I applaud you for being someone who finally talks about European Union institutions with apt knowledge of them, unlike even most news providers.
The structure of the Union is grim. I wish it was different, but how to change it now? It would have to be the Commission itself that suddenly decides that most of its powers need to be delegated to the Parliament.
It can't be changed, the foundations of the EU are left-ideological from the start as observed by many of the people who set it up. The only way forward is for every country to exit.
I sadly agree with what you wrote, but on this point
> The EU Parliament is like that: the death of ambition, full of apathetic losers who drift into politics without any real idea of why they're there
I have to disagree. There are many (or, "at least a few I know personally"? [1]) people who sit in the Parliament with a real intention of making good. Their power is simply null, though.
1. David Sassoli (deceased, ex president), Guy Verhofstadt (Renew), Patrick Breyer (Pirates), to name a few I follow.
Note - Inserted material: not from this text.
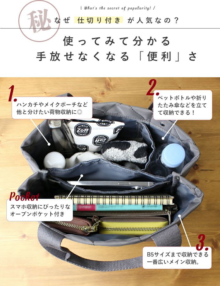 他の画像を見る 仕切り付きで誰でも整頓上手に!A4収納&撥水ナイロン生地でデイリーユースにぴったりなトートバッグ 【送料無料】 LIZDAYS/リズデイズ トートバッグ 当店特別価格 ¥ 4,730 税込 会員特別価格 ¥ 4,730 税込 カートに入れる お気に入りに登録する
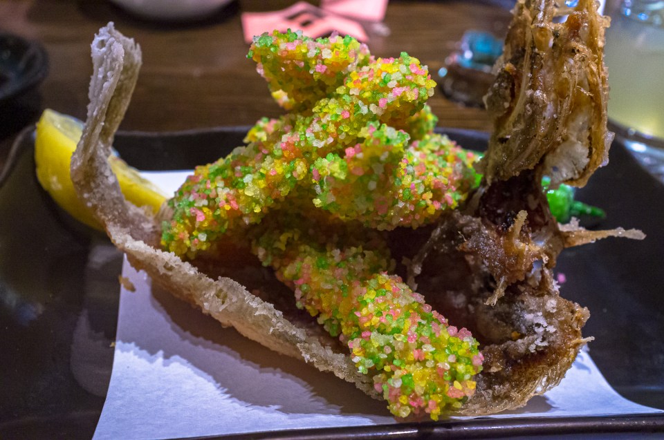 アラレをまぶした身の部分もおいしいのですが、何と言っても骨せんべいが最高。

I only know the name Verhofstadt but he's a hard-core federalist, no? Sure, people who define good as the EU taking everything over can genuinely view their "work" as doing good, but it's the sort of thing I meant by cheerleading. The Commission needs no encouragement and would be doing exactly the same things regardless of whether Verhofstadt existed or not.
> I cannot understand why the European Commission wants to reduce our reliance on FAANG services, and at the same time they make Google Play a de facto standard
You'll be surprised, most of the time it's simple ignorance: the people making decisions don't know everything about everything. Hence democracy comes to rescue.
But the way the European Commission takes decisions is anti-democratic (secret draft documents, undisclosed lobbying, overlooking the role of the Parliament…)
> The Parliament is a joke. And you can partially blame the member countries who really do not send their best there
The European Parliament is not made of countries, nor it is meant to represent national interests.
National governments don't "send their best there", because it is the doing of each party in each nation. Sometimes parties that are represented in the EU Parliament are not represented in a member country's parliament.